Since I was already there, I took a quick look at the Gutenberg Bible, the first major book printed on a press. The University’s copy is one of just five complete copies in this country. UT bought it in 1978. I never tire of looking at this magnificent piece of art and history, printed more than 550 years ago. Johann Gutenberg launched the information revolution with his press. I still love to hear a press starting up, ink flying on to paper using essentially the same principle.

Other exhibits in recent years that have drawn me to the HRC include one drawn from the papers of Bob Woodward and Carl Bernstein — the two Washington Post reporters who broke the Watergate story and brought down a president. Their efforts and subsequent fame — especially from the movie, “All the President’s Men” — spurred an entire generation of now-middle aged folks to enter journalism, including me. Of course, with a bachelor’s in philosophy, English and history I was unqualified for anything else.

The manuscript to “On the Road” by Jack Kerouac, typed on a continuous scroll of paper and stretching 120 feet, was the centerpiece of “On the Road With the Beats,” a 2008 exhibit. As the HRC’s website notes, the end of the scroll — and thus Kerouac’s original ending for the book — is missing. Kerouac blamed a cocker spaniel owned by a friend for the missing pages. The dog indeed ate his homework.

The next exhibit, “Culture Unbound — Collecting in the Twenty-First Century,” starts on Feb. 1 and runs through the end of July, showcasing material from some of the country’s finest contemporary writers.
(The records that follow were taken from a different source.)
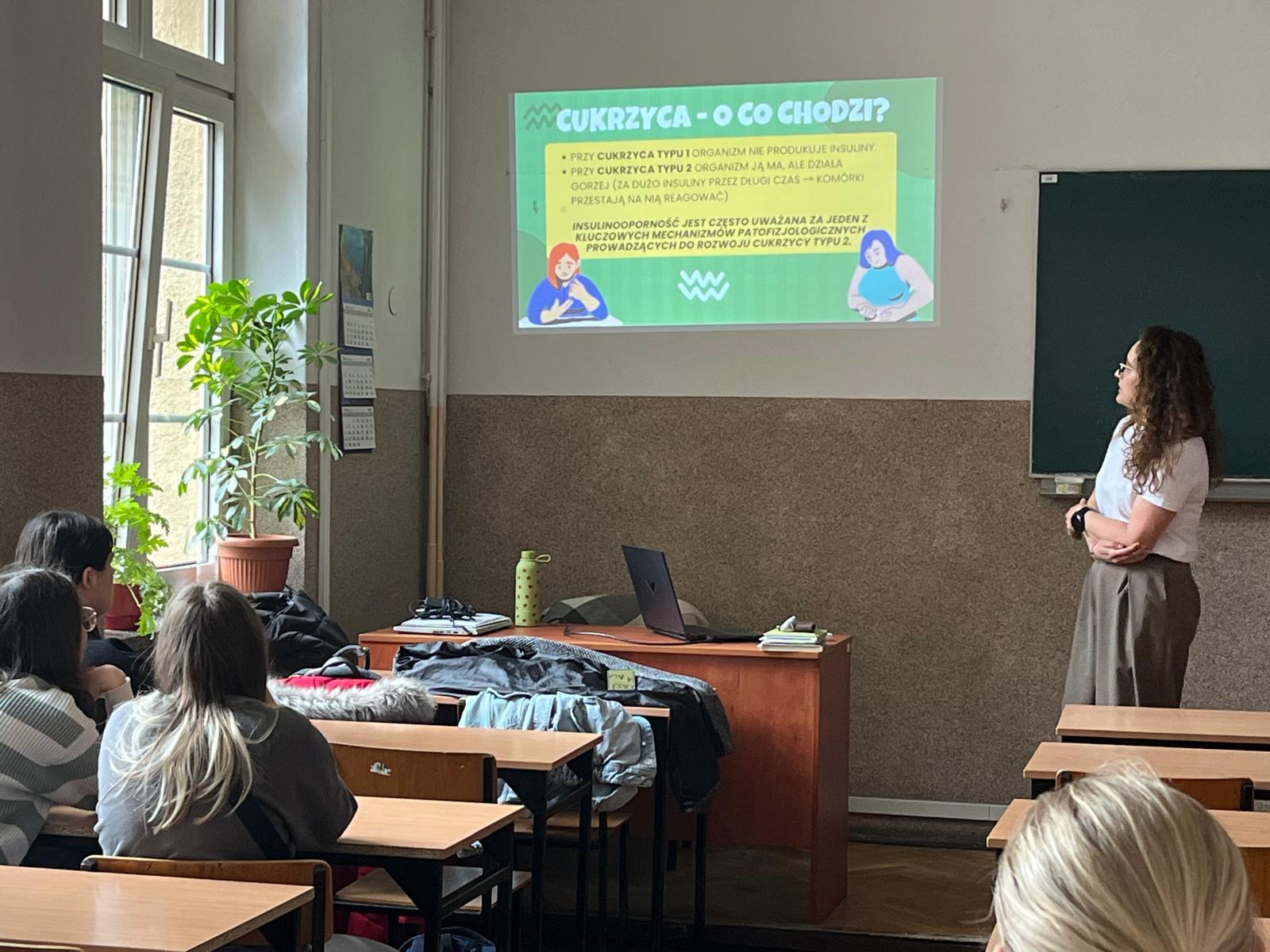 Studentki Koła Naukowego EDUKATORZY ŻYWIENIA Lucyna Kwiczala oraz Sandra Kamińska, miały przyjemność poprowadzić prelekcję dla uczniów w CZKiU w Nysie 😊 Spotkanie dotyczyło niezwykle ważnych zagadnień, takich jak energia z pożywienia, insulinooporność oraz cukrzyca. Cieszy nas ogromnie, że młodzi ludzie tak aktywnie uczestniczyli w zajęciach – nie brakowało pytań, zaangażowania i ciekawych dyskusji! Podsumowaniem naszej prelekcji było wspólne komponowanie zdrowego talerza 🥗, które pozwoliło uczniom w praktyczny sposób wykorzystać zdobytą wiedzę.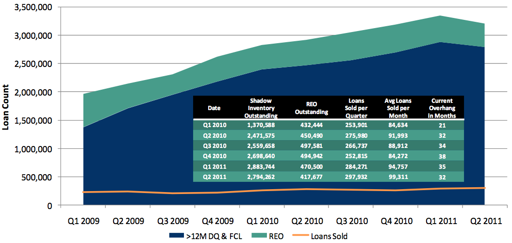 At the end of the second quarter, more than 2.7 million long-delinquent loans, others in foreclosure and REO properties sat in the shadow inventory, more than double what it was in the first quarter of 2010 (Click to expand the chart below). With the market averaging roughly 90,000 loan liquidations per month, it would take 32 months, nearly three years, to move through the overhang.
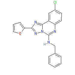 | SMILES | Clc1ccc2nc(NCc3ccccc3)n3nc(-c4ccco4)nc3c2c1 |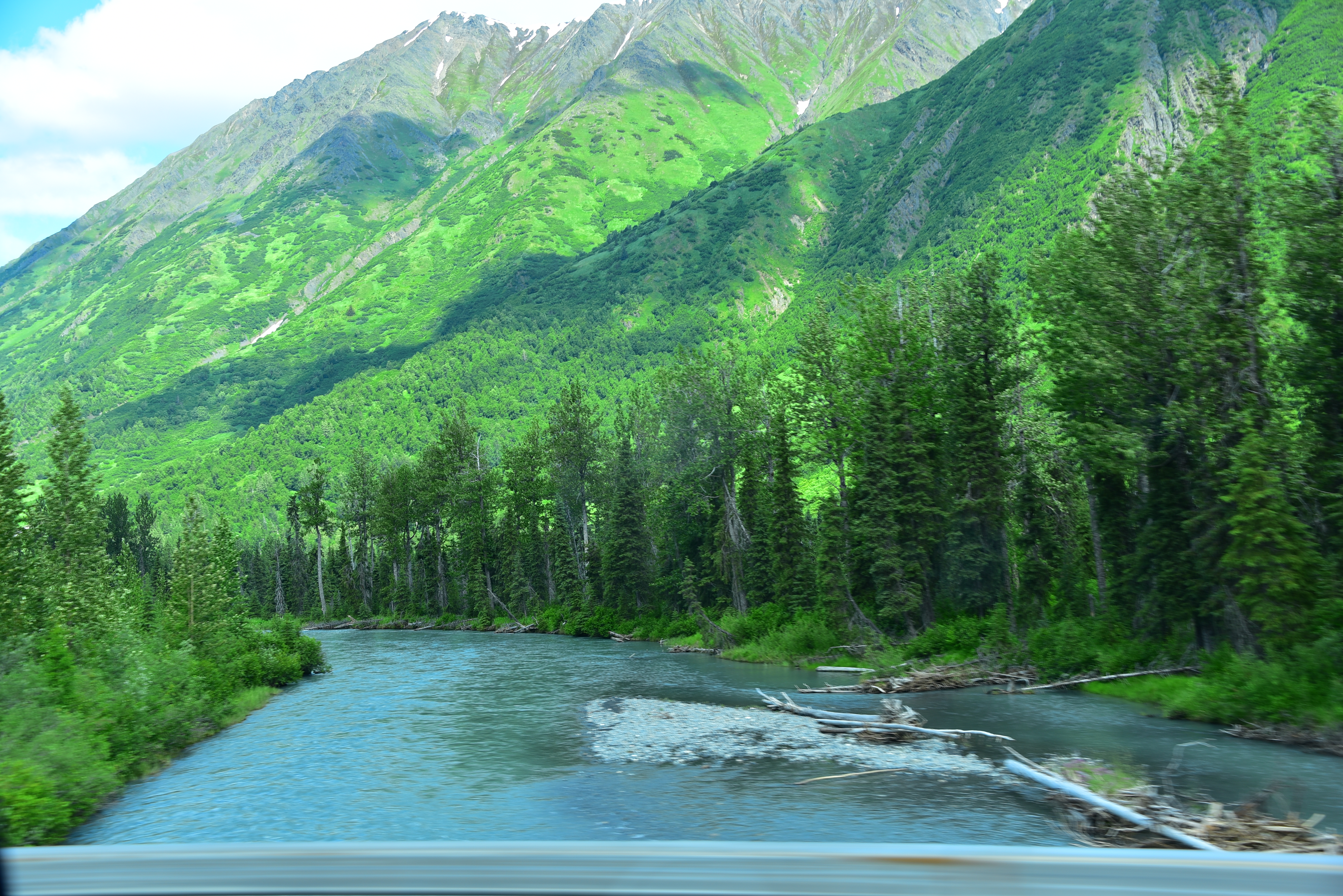 Of course we had to stop at Summit Hill Lodge once we made it that far since we learned that it’s our favorite cafe in the country. Another fun stop on the way back was off of the Seward Highway at Canyon Creek. This tributary runs into the infamous Six Mile Creek, which we didn’t have the opportunity to raft. Nonetheless, it was still a fun hike around CC, and there were bathrooms! You can tell we’re getting further north at this point because the beautiful blue water starts to regain the silty, gray glacier runoff. Goodbye beautiful Kenai blue!

A companion exhibit celebrates the life of playwright Tennessee Williams.

Visiting the HRC, which is just north of Dobie Mall on Guadalupe, only costs the gasoline required to get there. Donations are appreciated but no admission is charged. There are darned few things that are still free these days. (Getting one’s eyeglasses adjusted at an optometrist’s office comes to mind.) Keep the HRC on your list if looking for a pleasant few hours soaking up some culture. Park either in the Blanton Museum’s parking garage for a few bucks, or in the Bob Bullock State History Museum’s lot for free and get a bit of exercise hiking up the hill. It’s worth the trip.